I am trying to build a data import tool that accepts an EXCEL file from the user and parses the data from the file to import data into my application.
I am running across a strange issue with DeleteRow that I cannot seem to find any information online, although it seems like someone would have come across this issue before. If this is a duplicate question, I apologize, however I could not find anything related to my issue after searching the web, except for this one which still isn't solving my problem.
So the issue:
I use the following code to attempt to "remove" any row that has blank data through ExcelPackage.

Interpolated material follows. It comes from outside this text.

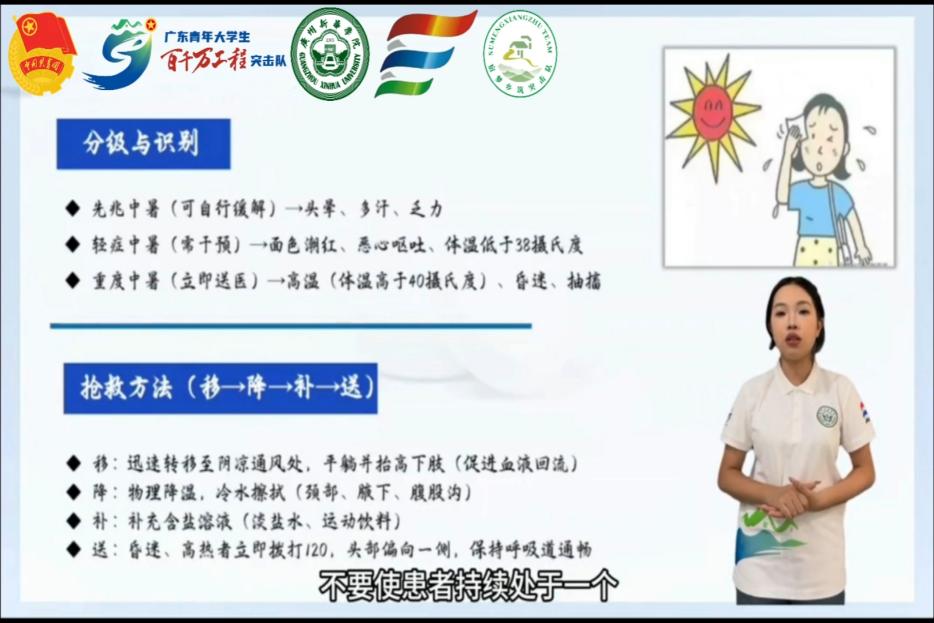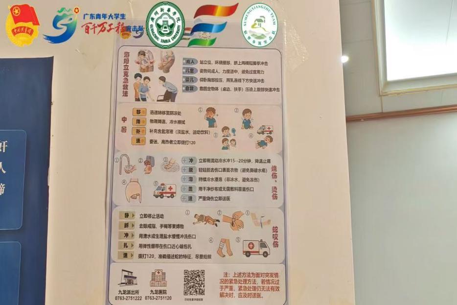 在不断的打磨中,最终形成了关于海姆立克急救法、烧烫伤处理方法、蛇咬伤应对措施及中暑的应急与防治的宣传海报。该海报版面设计中,含视频讲解,该视频从演示文稿到内容讲解,都是由突击队员们精心制作,最终以二维码形式在海报上呈现,此二维码永久有效,给镇上外来游客甚至当地居民,对学习以上四项应急知识有极大帮助,同时也体现了突击队员们对专业知识的应用。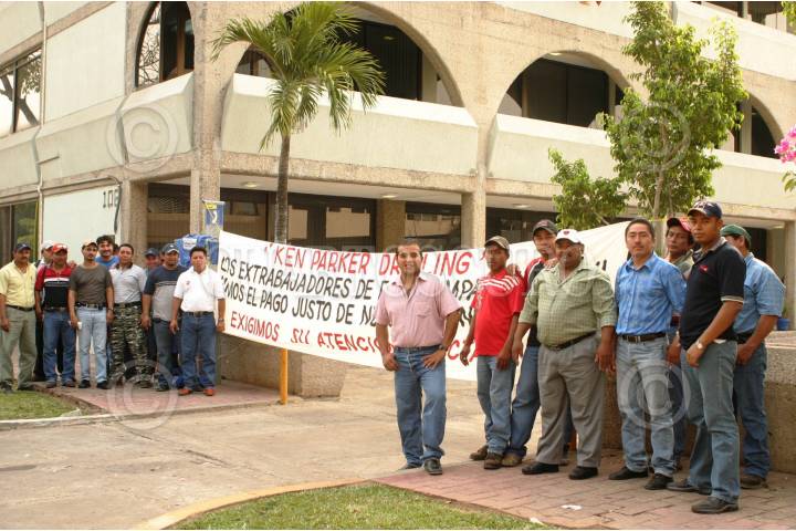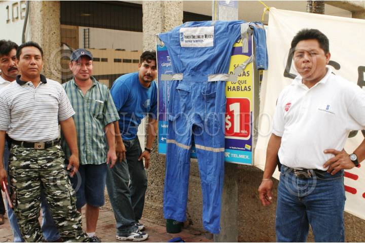 VILLAHERMOSA, TABASCO, 11MAYO2006.- Ex empleados de la empresa originaria de los Estados Unidos; Parker Drilling, se manifestaron en el edificio con sede en el Estado, ya que se niegan a pagar atrasos en semanas, horas extras y bonificaciones, por lo que tampoco los quieren liquidar. FOTO: Marco Polo Guzmán Hernández/CUARTOSCURO.COM

for (int rowNum = 1; rowNum <= ws.Dimension.End.Row; rowNum++)
{
var rowCells = from cell in ws.Cells
where (cell.Start.Row == rowNum)
select cell;
if (rowCells.Any(cell => cell.Value != null))
{
nonEmptyRowsInFile += 1;
continue;
}
else ws.DeleteRow(rowNum);
//Update: ws.DeleteRow(rowNum, 1, true) also does not affect dimension
}
Stepping through that code, I can see that the DeleteRow is indeed getting called for the proper row numbers, but the issue is when I go to set the "total rows in file" count on the returned result object:
parseResult.RowsFoundInFile = (ws.Dimension.End.Row);
ws.Dimension.End.Row will still return the original row count even after the calls to DeleteRow.
My question is...do I have to "save" the worksheet or call something in order for the worksheet to realize that those rows have been removed? What is the point of calling "DeleteRow" if the row still "exists"? Any insight on this would be greatly appreciated...
Thanks
I think I figured out the problem. This is yet again another closure issue in C#. The problem is that the reference to "ws" is still the same reference from before the DeleteRow call.
In order to get the "updated" dimension, you have to redeclare the worksheet, for example:
ws = excelPackage.Workbook.Worksheets.First();
Once you get a new reference to the worksheet, it will have the updated dimensions, including any removed/added rows/columns.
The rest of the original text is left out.